Une thèse est toujours un travail collectif. Je souhaite remercier toutes les personnes qui, de près ou de loin, ont contribué à ce projet.

Judit tout d’abord, merci de m’avoir poussée à défendre mes idées et de m’avoir appris à les exprimer clairement, dans un cadre théorique solide et cohérent.

Je remercie également ceux qui m’ont tranmis leurs expertises techniques ou ont répondu à mes questions bizarres : Renske Huffmeijer, Laura Dugué, Lionel Granjon, Nawal Abboub, Fabrice Wallois, Mehdi Mahmouzadeh, Adalan Aarabi, Chris Angeloni.

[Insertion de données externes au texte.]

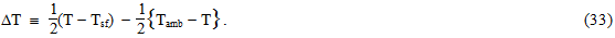 方程式 33 の右辺第 2 項により、硬化後冷却後に課される追加の温度低下が適切な熱応力を生成するようになります。マコーレーのカッコ { } を使用することで、方程式 33 の右辺第 2 項は、現在の温度 T が環境温度 Tamb 未満になった場合にのみ、ΔT に寄与することに留意してください。この場合(T
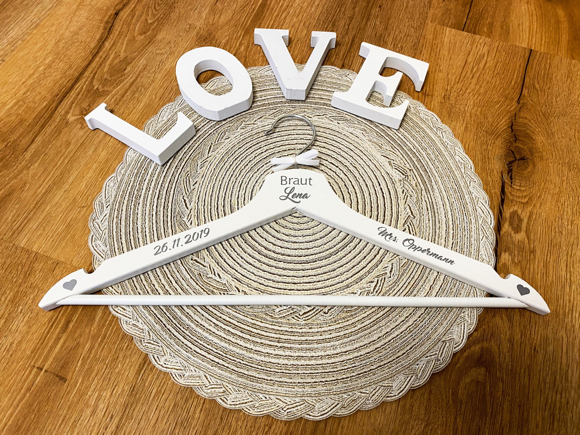 Der Bügel ist mit dem Wort Braut, Euren Namen, Hochzeistdatum und zwei Herzen in silber verziert.
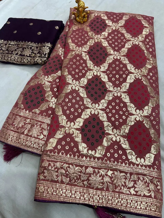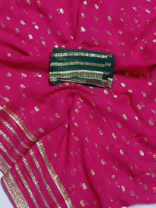 Mrinalini Banarasi Georgette Saree with Zari Border & Contrast Blouse

J’ai eu la chance de connaitre des laboratoires où règnait une atmosphère d’émulation. Thierry, je me suis souvent sentie comme un ovni dans ton équipe, mais j’admire toujours la cohésion qui y règne. Arlette, tu m’as transmis ton intérêt pour les nouveau-nés, et égayé mes déjeuners avec tes histoires abracadabrantes. Alejandrina, les quelques mois à travailler pour toi ont été une véritable bouffée d’oxygène. Maria, les quelques semaines passées dans votre laboratoire demeurent comme une parenthèse lumineuse dans ces quatre années, grâce à laquelle j’ai ensuite pu voir mon travail sous un autre angle. Merci pour votre soutien sans faille.

Merci aussi à tous ceux qui, par un regard, une écoute, un mot ou un geste, m’ont retenue ici: Elena Koulagina, Lucie Martin, Laurianne Cabrera, Carline Bernard, Léo Nishibayashi, Sophie Bouton, Maxine Dos Santos, Katie Von Holzen, Viviane Huet, Mélanie Hoareau, Caterina Marino, Vincent Forma, Arielle Veen-emans, Sergiu Popescu, Lisa Jacquey, Daphné Rimsky-Robert, Solène Le Bars, ainsi que tous mes amis.

Je remercie également ma famille qui, par son ignorance totale des sciences cognitives, m’a obligée à savoir vulgariser sans (trop) trahir les résultats. Vous avez été de supers cobayes pour le recrutement de familles à la maternité !

Enfin, Sandro, mon premier conseiller et soutien. Merci d’avoir été toujours présent et un parfait petit elfe de maison dans les dernières semaines.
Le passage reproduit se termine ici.